Nothing but the lines from the one showing "配置:BGP视图下:[R2-bgp]default Local_Preference 200" through the final line of the data below belongs in the answer, duplicated exactly and without pictures.
---------- Data excerpt ----------
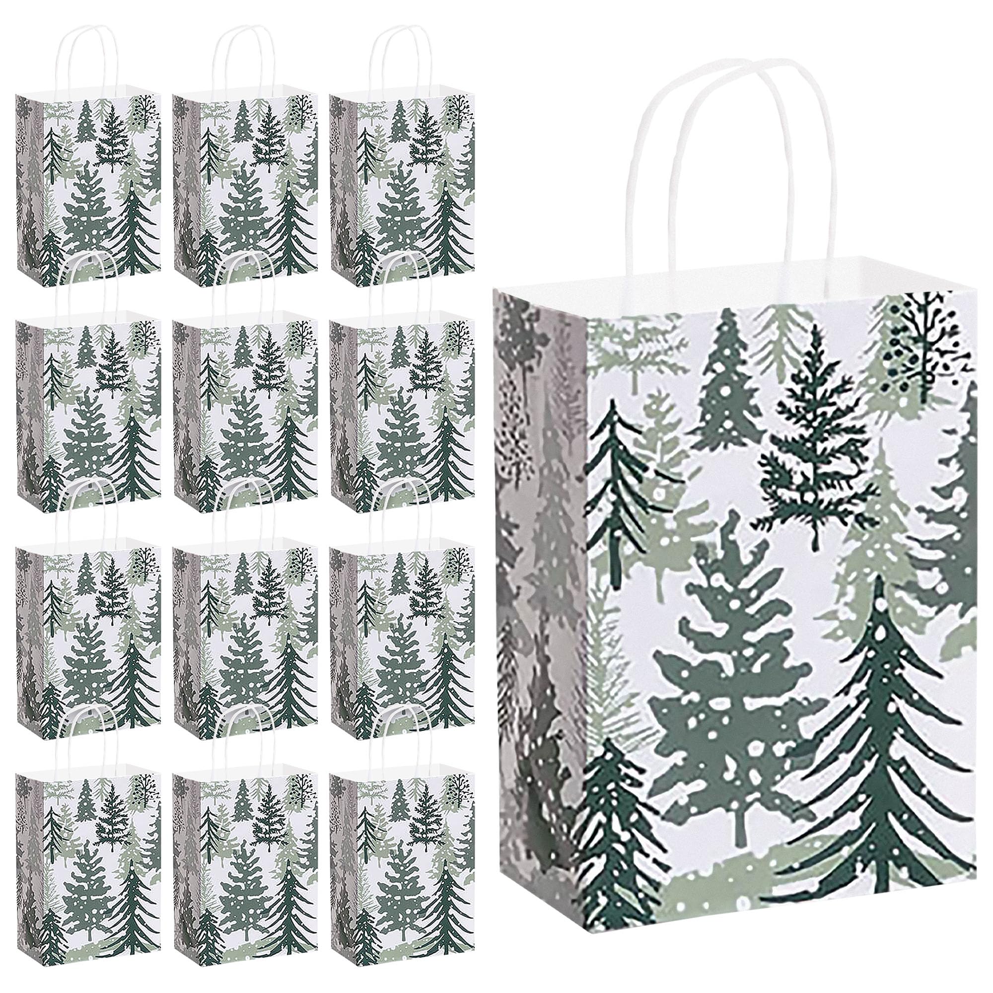 Christmas & Winter Snowy Pine Paper Gift Bags and Party Favor Bags, Small Size - 5.25 Inches x 3.5 Inches x 8.25 Inches (12 Pack)
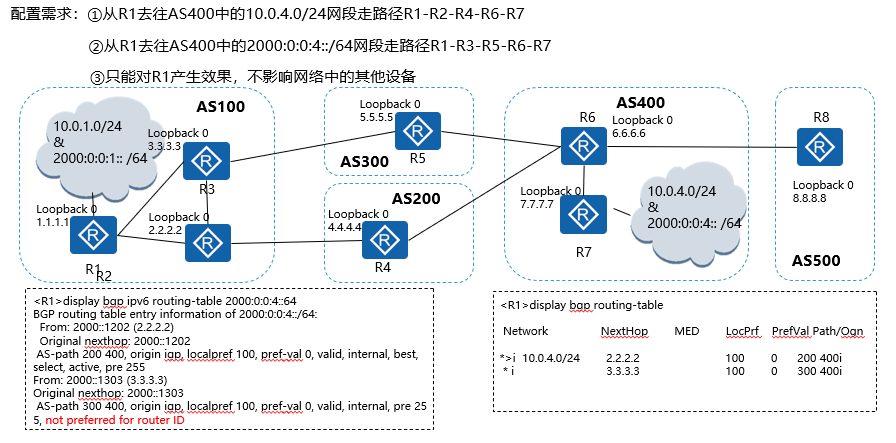 配置:BGP视图下:[R2-bgp]default Local_Preference 200 //配置本路由器默认的本地优先级
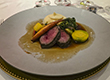 Upon seating for our five course dinner, we started with a winter salad of roast golden beets, pomegranate, Pemberton kale and a truffled goat cheese fritter paired with 2019 Gilbert Picq & Ses Fils Chablis Dessus La Carrière and followed by prosciutto wrapped sturgeon with brown butter celeriac velouté and spring salmon ikura and a 2021 Château Carbonnieux Blanc from Bordeaux.
----------
- **Solution below**
 配置:BGP视图下:[R2-bgp]default Local_Preference 200 //配置本路由器默认的本地优先级
 Upon seating for our five course dinner, we started with a winter salad of roast golden beets, pomegranate, Pemberton kale and a truffled goat cheese fritter paired with 2019 Gilbert Picq & Ses Fils Chablis Dessus La Carrière and followed by prosciutto wrapped sturgeon with brown butter celeriac velouté and spring salmon ikura and a 2021 Château Carbonnieux Blanc from Bordeaux.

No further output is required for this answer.